Action item: Your output must be the lines below from the line containing "Makramé držiak dlhý" to the line containing "Sandales Daniela à", both lines included, reproduced exactly and without pictures.

Listed entries:
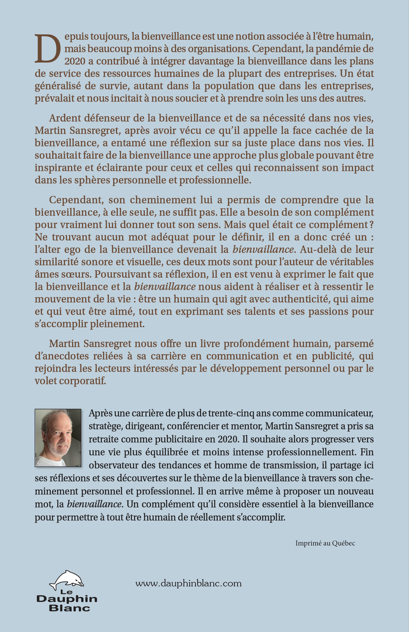 Depuis toujours, la bienveillance est une notion associée à l’être humain, mais beaucoup moins à des organisations. Cependant, la pandémie de 2020 a contribué à intégrer la bienveillance au cœur des plans de service des ressources humaines de la plupart des entreprises. Un état généralisé de survie, autant dans la population que dans les entreprises, prévalait et nous incitait à nous soucier et à prendre soin les uns des autres.Ardent défenseur de la bienveillance et de sa nécessité dans nos vies, Martin Sansregret a entamé une réflexion sur sa juste place dans nos vies. Il souhaitait faire de la bienveillance une approche plus globale pouvant être inspirante et éclairante pour ceux et celles reconnaissant son importance et son impact dans les sphères personnelle et professionnelle. Cependant, son cheminement lui a permis de comprendre que la bienveillance, à elle seule, ne suffit pas. Elle a besoin de son complément pour vraiment lui donner tout son sens. Mais quel était ce complément? Ne trouvant aucun mot adéquat pour le définir, il en a donc créer un : l’alter ego de la bienveillance devenait la bienvaillance. Au-delà de leur similarité sonore et visuelle, ces deux mots sont pour l’auteur de véritables âmes sœurs. Poursuivant sa réflexion, il en est venu à exprimer le fait que la bienveillance et la bienvaillance nous aident à réaliser et à ressentir le mouvement de la vie: être un humain qui agit avec authenticité, qui aime et qui veut être aimé, tout en exprimant ses talents et ses passions pour s’accomplir pleinement.Martin Sansregret nous offre un livre profondément humain, parsemé d’anecdotes reliées à sa carrière en communication et en publicité, qui rejoindra les lecteurs intéressés par le développement personnel ou par le volet corporatif.L'auteur : Après une carrière de plus de trente-cinq ans comme communicateur, stratège, dirigeant, conférencier et mentor, Martin Sansregret a pris sa retraite comme publicitaire en 2020. Il souhaite alors progresser vers une vie plus équilibrée et moins intense professionnellement. Fin observateur des tendances et homme de transmission, il partage ici ses réflexions et ses découvertes sur le thème de la bienveillance à travers son cheminement personnel et professionnel. Il en arrive même à proposer un nouveau mot, la bienvaillance. Un complément qu’il considère essentiel à la bienveillance pour permettre à tout être humain de réellement s’accomplir.
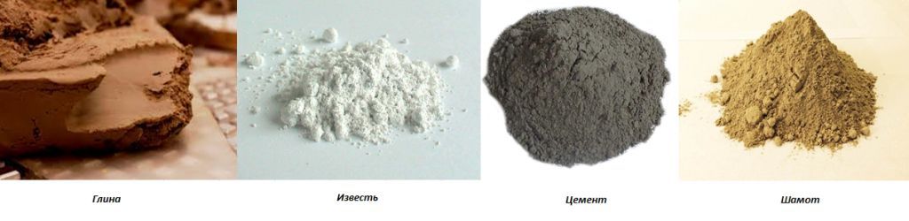 По виду вяжущего сырья смеси для печей подразделяются на цементные, гипсовые, глиняные, смешанные, известковые и т. д.
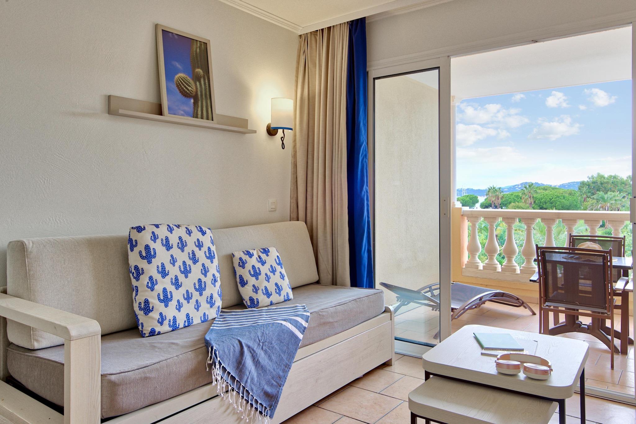 Idyllisk beliggenhed ved bugten St. Tropez og kun 100 m fra havet! Ferieboligen med tilstødende thalassoterapicenter er en sand ferieoase. Komplekset er omgivet af en middelhavspark og er i stil med Côte d'Azur. De klimatiserede lejligheders terrasser og balkoner har udsigt over bugten St. Tropez Takket være dens ideelle beliggenhed mellem Ste Maxime og Frejus du vil drage fordel af en bred vifte af fritidsaktiviteter. Det internationale vandskicenter i Roquebrune er meget kendt. Dykning, sejlads, surfing og ridning er tilgængelige. Vandforlystelsesparkerne Aqualand i Ste Maxime eller Fréjus vil glæde dine børn. kasino eller Lunapark med næsten 50 forskellige attraktioner giver et attraktivt aftenprogram. Du kan også udforske den smukke landskab i Mauren bjergene på de afmærkede vandrestier
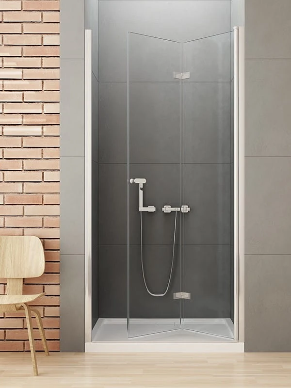 Drzwi prysznicowe pojedyncze składane. Zawias kolumnowy zastosowany w drzwiach NEW SOLEO zapewnia niezwykle szerokie wejście.
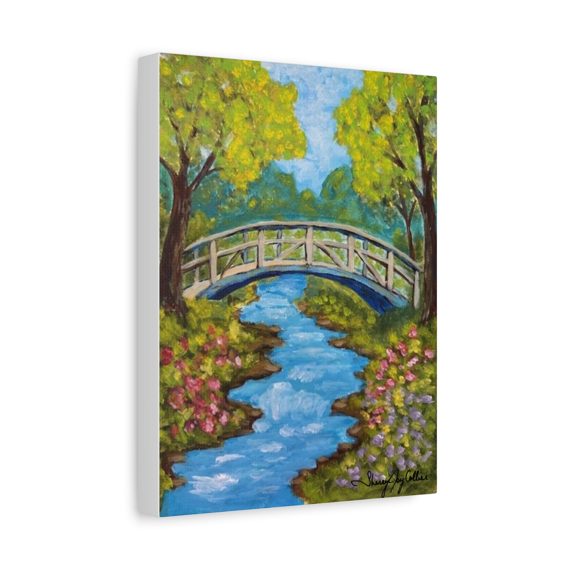 Step into a peaceful garden scene where a gentle stream winds its way beneath a graceful wooden bridge. Surrounded by lush greenery and colorful blooms, this painting invites you to pause, breathe, and cross into a place of calm. The vibrant blues and fresh greens create a soothing atmosphere that uplifts any room.
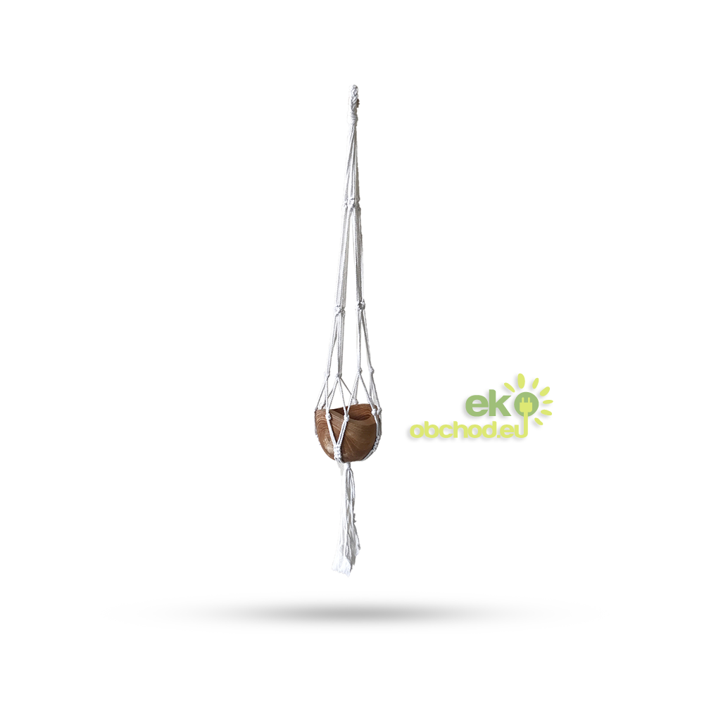 Makramé držiak dlhý 75 cm poskytuje dostatok priestoru na vystavenie plazivých rastlín, ako sú pothos, filodendrony alebo určité sukulenty. Keďže črepník nie je súčasťou balenia, môžete si prispôsobiť vzhľad výberom rôznych stredne veľkých kvetináčov, ktoré dopĺňajú prírodnú farbu držiaka a zvýrazňujú ich existujúci dekor.
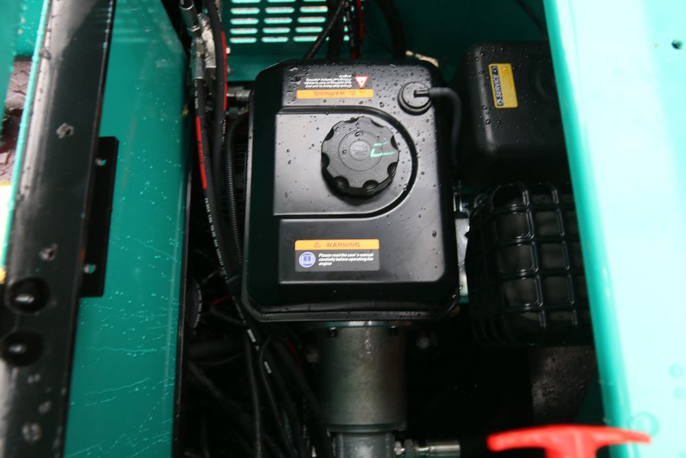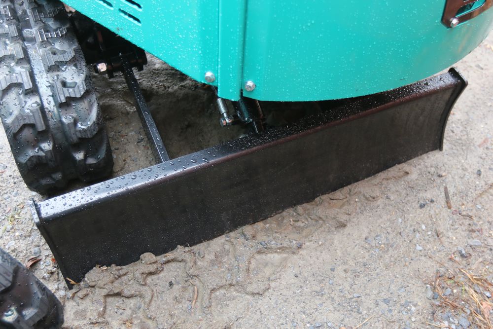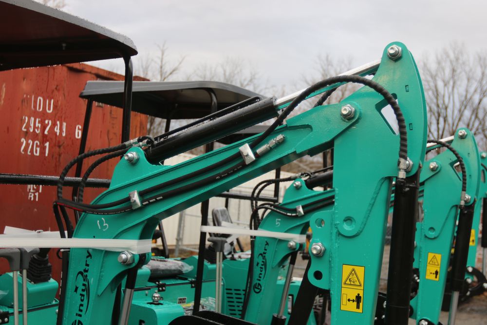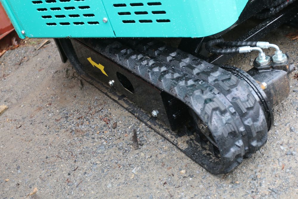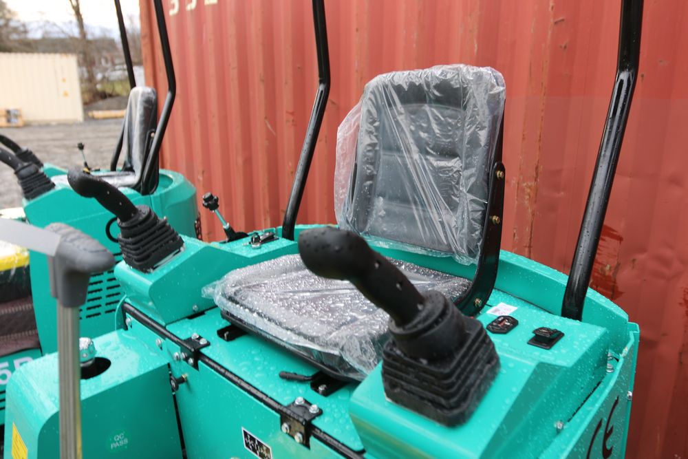 New 2025 CFG Industrial gas powered mini Excavator model H15R with 420cc gasoline engine, bucket, 4' long tracks, 38.5" wide base, 6" wide tracks, canopy, hydraulic boom & bucket controls, pilot system, thumb, dozer blade. Hours reading less than 1 hour.
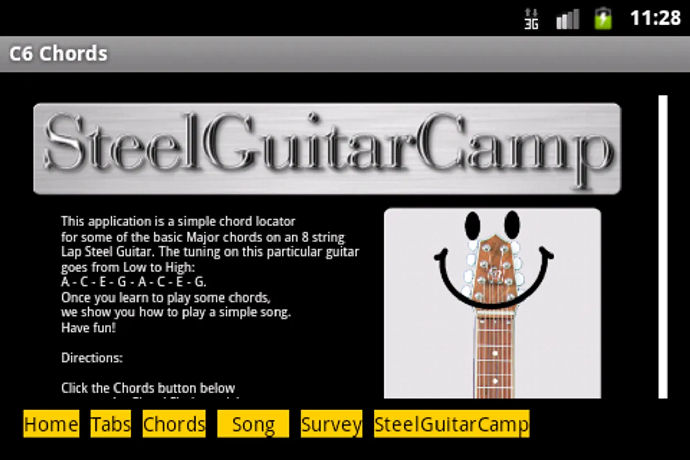 This application is a simple chord locator for some of the basic Major chords on an 8 string Lap Steel Guitar.
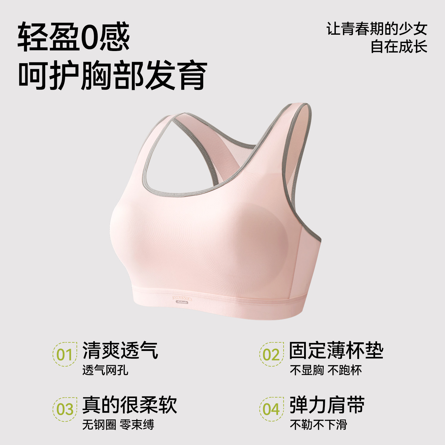 都市丽人少女文胸初高中学生防震背心青春发育期15岁女童运动内衣
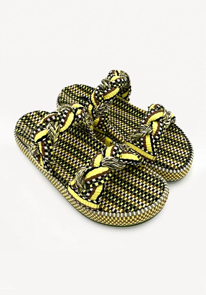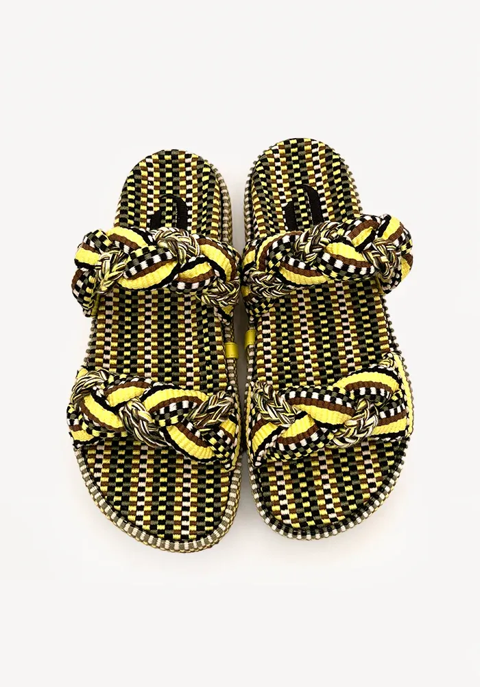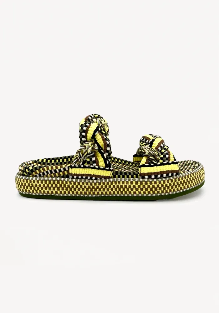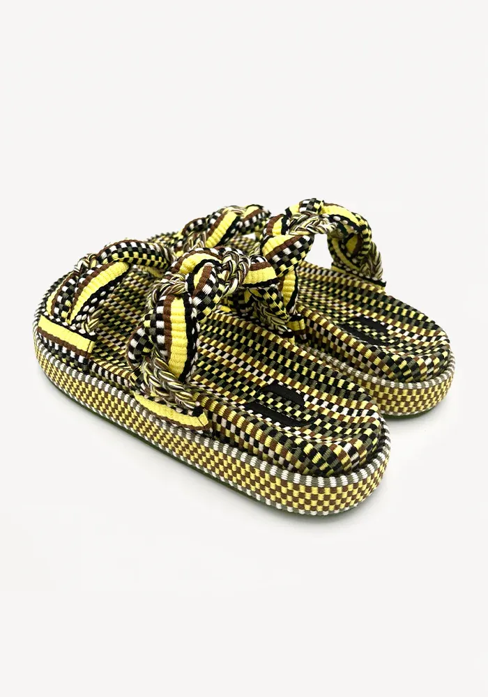 Sandales Daniela à plateforme avec deux brides de tissus tressés.
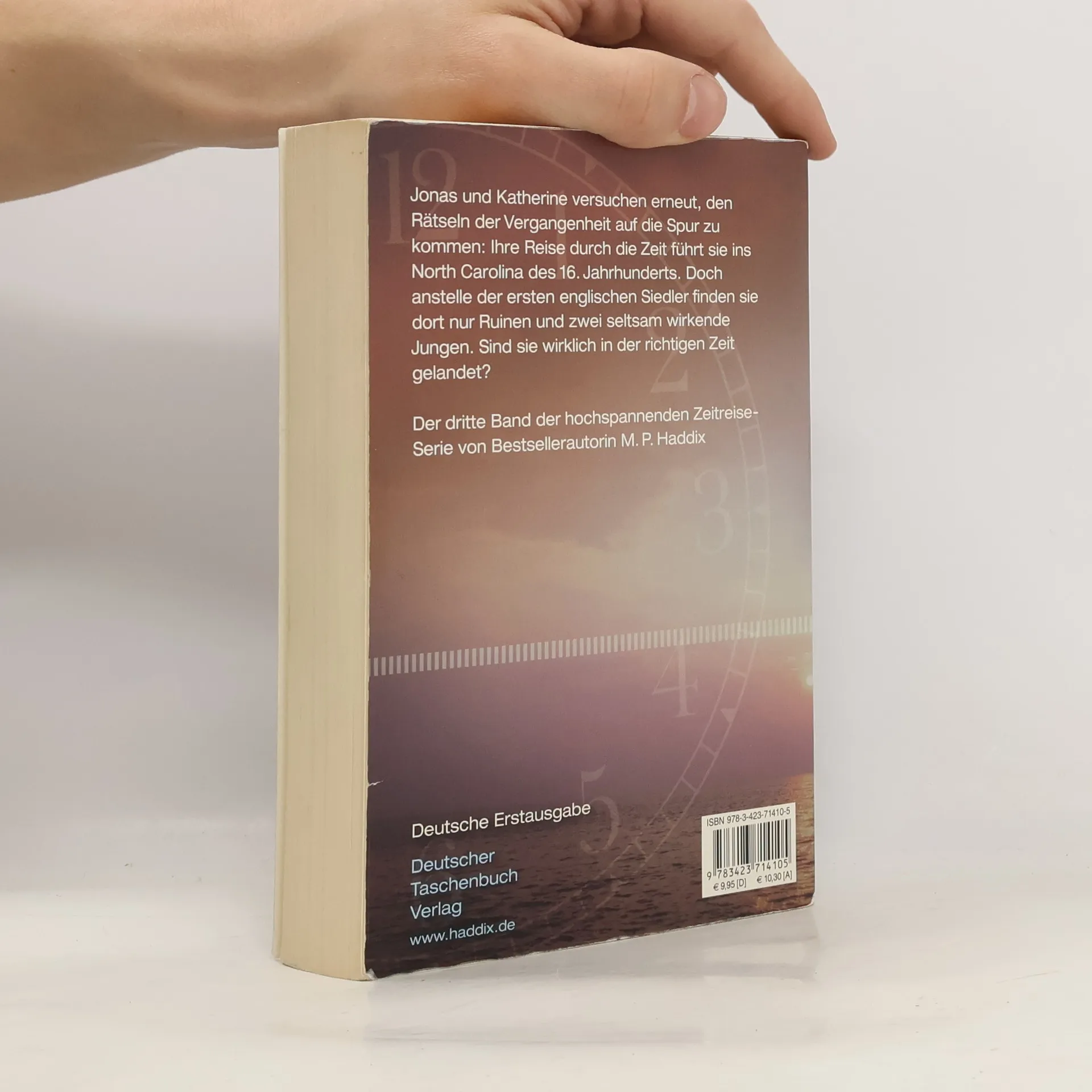 Andrea, Jonas und Katherine landen auf der Suche nach Andreas Herkunft im North Carolina des 16. Jahrhunderts. Dort wurde sie einst als Virginia Dare geboren: das erste Kind englischer Siedler. Doch seltsame Entdeckungen legen nahe, dass jemand den Zeitreise-Definator umprogrammiert hat, um die Geschichte zu verändern. Die drohende Zeitkatastrophe muss verhindert werden!Band 3 der Reihe "Im Sog der Zeiten" Margaret Peterson Haddix, geboren 1964, wuchs auf einer Farm in der Nähe von Washington Courthouse, Ohio auf, wo ihre Familie schon seit dem frühen 19. Jahrhundert lebt.Nach ihrem Studium an der Miami University of Ohio arbeitete sie in verschiedenen Bereichen: als Journalistin bei einer Tageszeitung in Indianapolis, Dozentin an einem College und als freie Journalistin in Danville, Illinois.Heute schreibt sie sehr erfolgreich Kinder- und Jugendbücher und lebt mit ihrem Mann und ihren zwei Kindern in Columbus, Ohio. Für ihr literarisches Werk wurde sie in den USA mit zahlreichen Preisen ausgezeichnet.
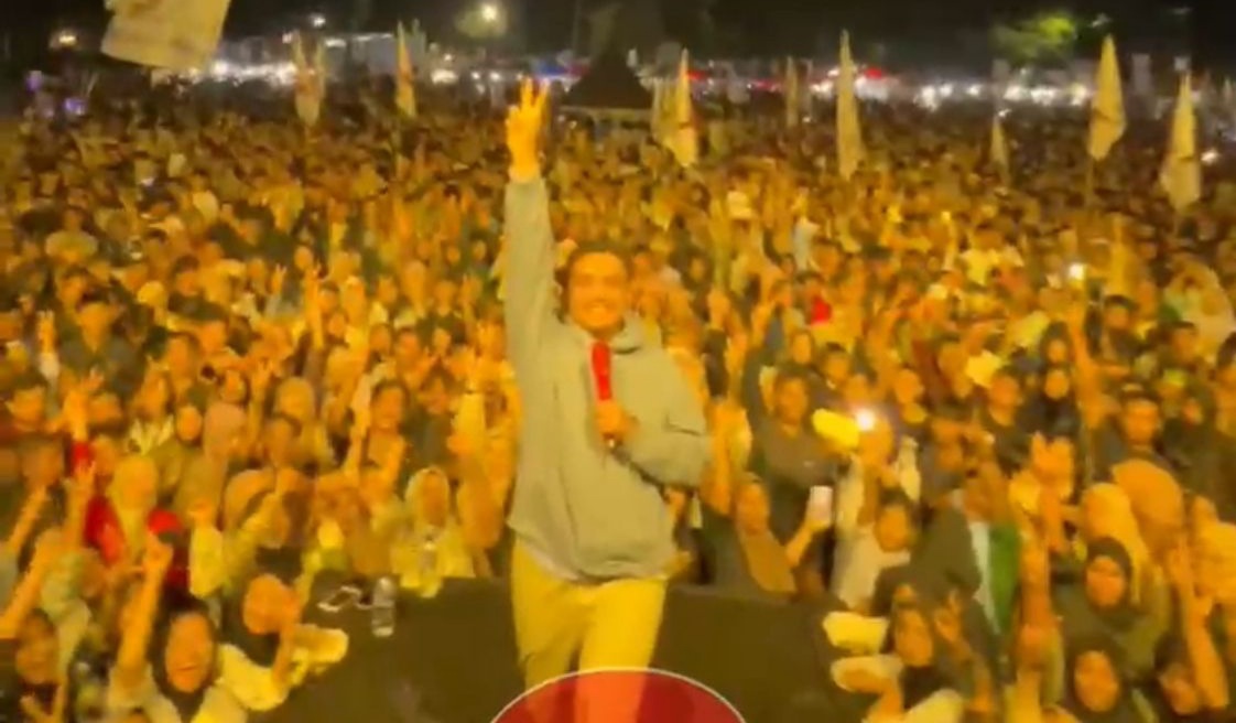 Belasan ribu warga begitu antusias menyaksikan konser, sekaligus penyampaian visi misi dan program dari Paslon Capres-Cawapres nomor urut 2 Prabowo-Gibran.

Solution below:
 Makramé držiak dlhý 75 cm poskytuje dostatok priestoru na vystavenie plazivých rastlín, ako sú pothos, filodendrony alebo určité sukulenty. Keďže črepník nie je súčasťou balenia, môžete si prispôsobiť vzhľad výberom rôznych stredne veľkých kvetináčov, ktoré dopĺňajú prírodnú farbu držiaka a zvýrazňujú ich existujúci dekor.
 New 2025 CFG Industrial gas powered mini Excavator model H15R with 420cc gasoline engine, bucket, 4' long tracks, 38.5" wide base, 6" wide tracks, canopy, hydraulic boom & bucket controls, pilot system, thumb, dozer blade. Hours reading less than 1 hour.
 This application is a simple chord locator for some of the basic Major chords on an 8 string Lap Steel Guitar.
 都市丽人少女文胸初高中学生防震背心青春发育期15岁女童运动内衣
 Sandales Daniela à plateforme avec deux brides de tissus tressés.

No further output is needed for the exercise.